Dataset items |
-------
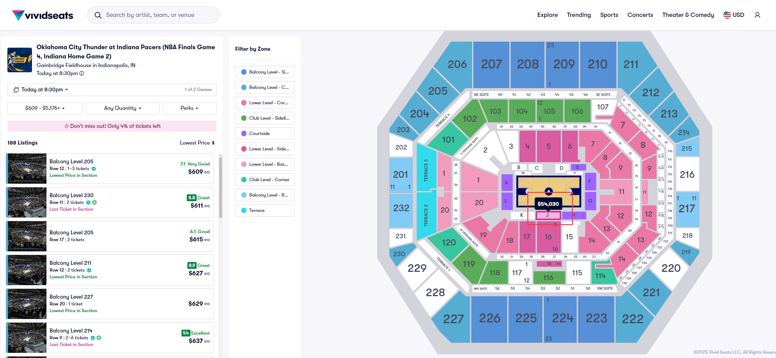 这场比赛步行者最贵的一个VIP包厢一张票高达5.4万美元,G3这个包厢的票价为2.9万美元,这个涨幅是不是相当恐怖?虽然今年总决赛的收视率暴跌,可印第安纳波利斯赚的盆满钵满,步行者球迷们都期盼NBA队史第一个总冠军。
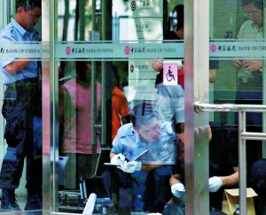 事發(fā)中國銀行位于北科大籃球場西側(cè),高兩層,分為對(duì)私業(yè)務(wù)區(qū)和基金業(yè)務(wù)區(qū)。昨日中午12時(shí)10分許,顧客王明(化名)進(jìn)入該行準(zhǔn)備提款!叭抛簧献奈鍌(gè)顧客,兩個(gè)開放的銀行窗口前各有人在辦業(yè)務(wù)。”王明說。
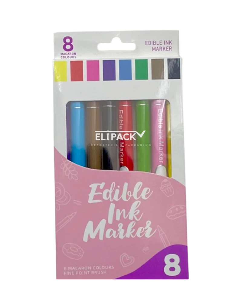 Lápices con tinta comestible, 8 tonos distintos con buen acabado, cada color cuenta con punta fina y gruesa, no es tóxico y da a tus creaciones un toque único, es un herramienta práctica en la repostería.
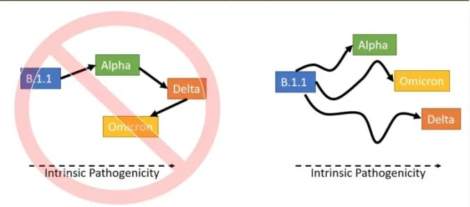 BA.1 sei ein virologisches Zufallsereignis gewesen, doch das britische Beratungsgremium NERVTAG warnte davor, dass die nächste Variante ähnlich schwere Verläufe versuchen würde wie vorhergehende Varianten.
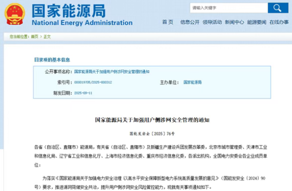 近日,國家能源局綜合司發(fā)布《關于加強用戶側涉網(wǎng)安全管理的通知》(以下簡稱《通知》),從國家層面系統(tǒng)構建了用戶側涉網(wǎng)安全管理的頂層設計和全鏈條管理體系?!锻ㄖ分兄赋鲇脩魝壬婢W(wǎng)安全管理的總體要求,明確各相關主體的權責范圍,推動用戶側涉網(wǎng)安全管理邁入制度化、協(xié)同化和精細化管理。
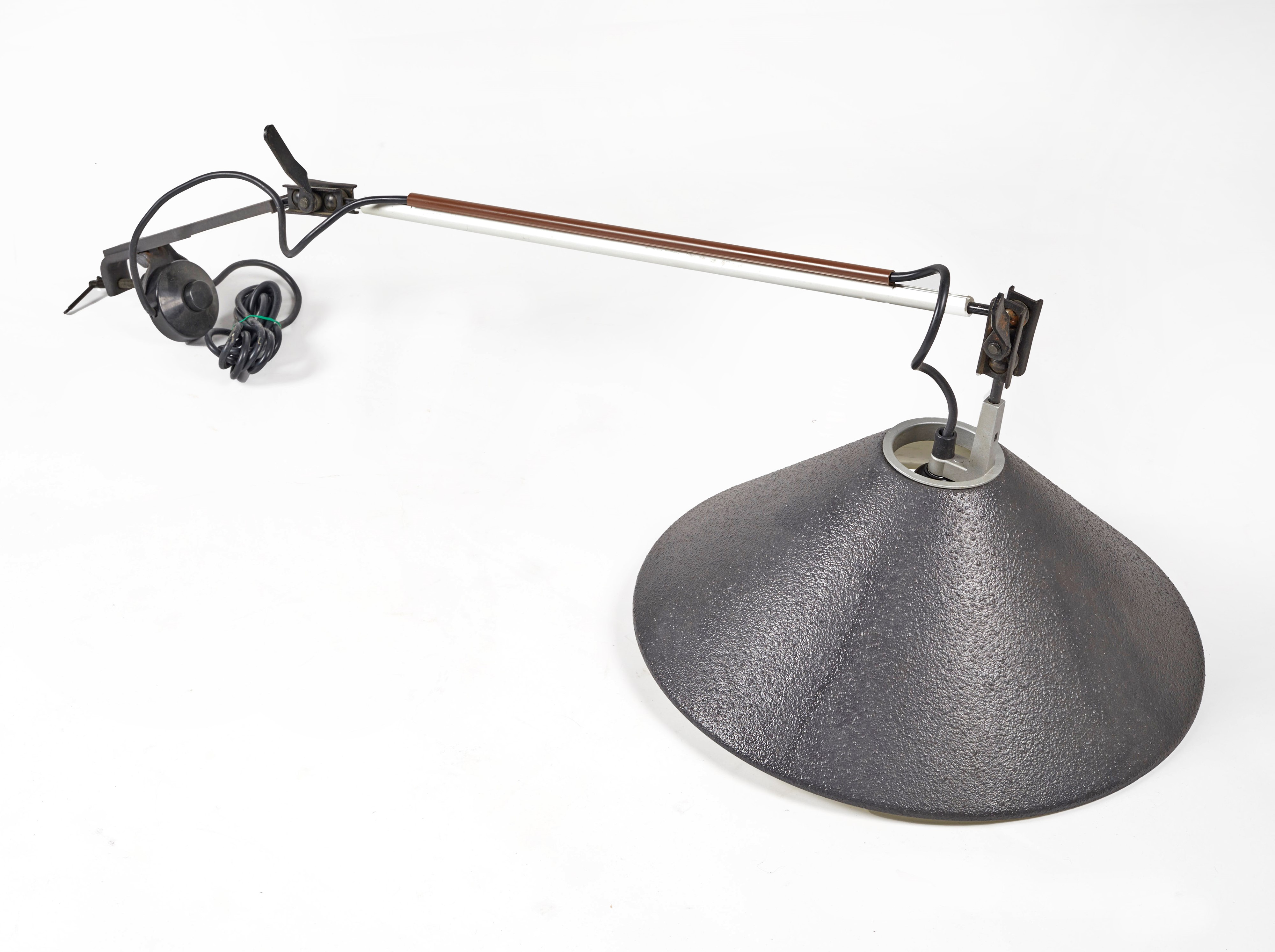 ENZO MARI & GIANCARLO FASSINA Lampada a morsetto in alluminio, acciaio verniciato a polvere e plastica. Prod. Artemide, 1974. Cm 66x38x61.
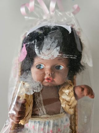 Muñeca antigua, en su cuna, nueva en su embalage. Perfecta para regalo. Las fotos también hacen parte de la descriciòn.
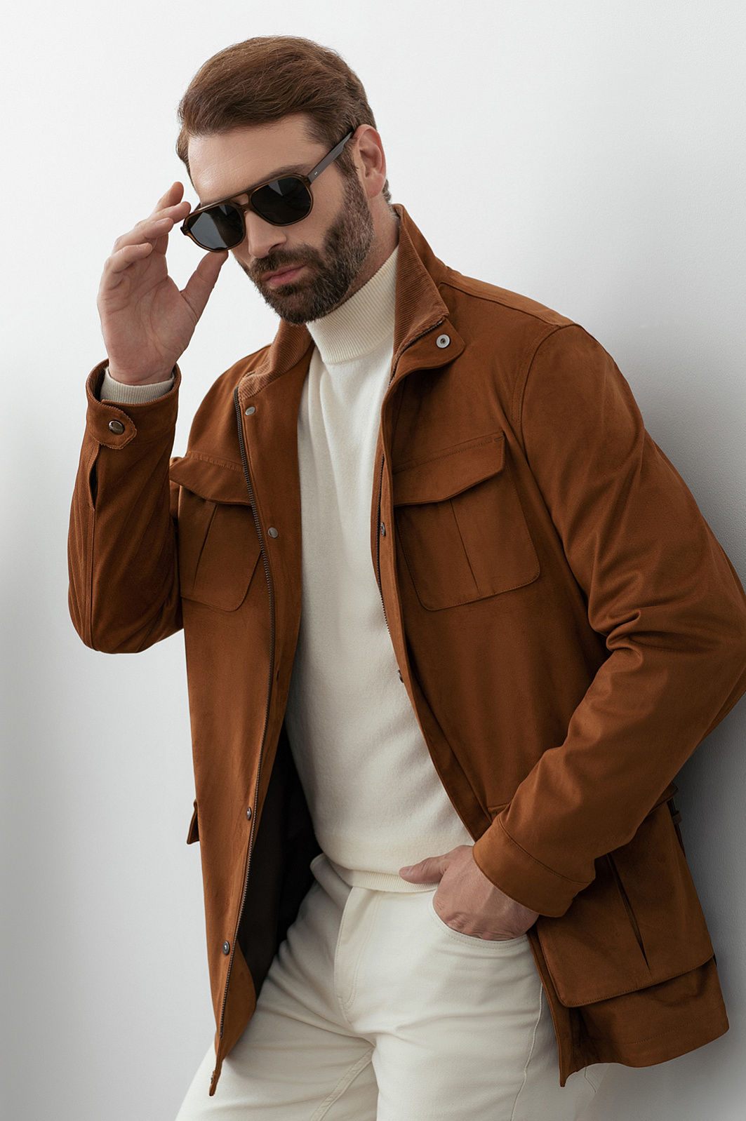 Куртка KANZLER из алькантары красивого оттенка мокко — современная версия куртки-сафари, которая приобрела культовый статус. Модель сохранила характерные черты: четыре больших накладных кармана, пояс-ремень и воротник-стойку. У куртки слегка прилегающий силуэт, вельветовая вставка на воротнике и удобная застежка-молния, скрытая под планкой с кнопками. Материал верха — алькантара. Мягкая, бархатистая ткань не лоснится, не протирается и годами сохраняет первоначальный вид и форму. Параметры модели: рост 189, 102-80-99 Размер на модели: 50
-------
EXERCISE | Exact copy, pictures excluded: every line above from the one containing "事發(fā)中國銀行位于北科" to the one containing "Lápices con tinta", inclusive, and nothing more.

TASK RESULT |
 事發(fā)中國銀行位于北科大籃球場西側(cè),高兩層,分為對(duì)私業(yè)務(wù)區(qū)和基金業(yè)務(wù)區(qū)。昨日中午12時(shí)10分許,顧客王明(化名)進(jìn)入該行準(zhǔn)備提款!叭抛簧献奈鍌(gè)顧客,兩個(gè)開放的銀行窗口前各有人在辦業(yè)務(wù)。”王明說。
 Lápices con tinta comestible, 8 tonos distintos con buen acabado, cada color cuenta con punta fina y gruesa, no es tóxico y da a tus creaciones un toque único, es un herramienta práctica en la repostería.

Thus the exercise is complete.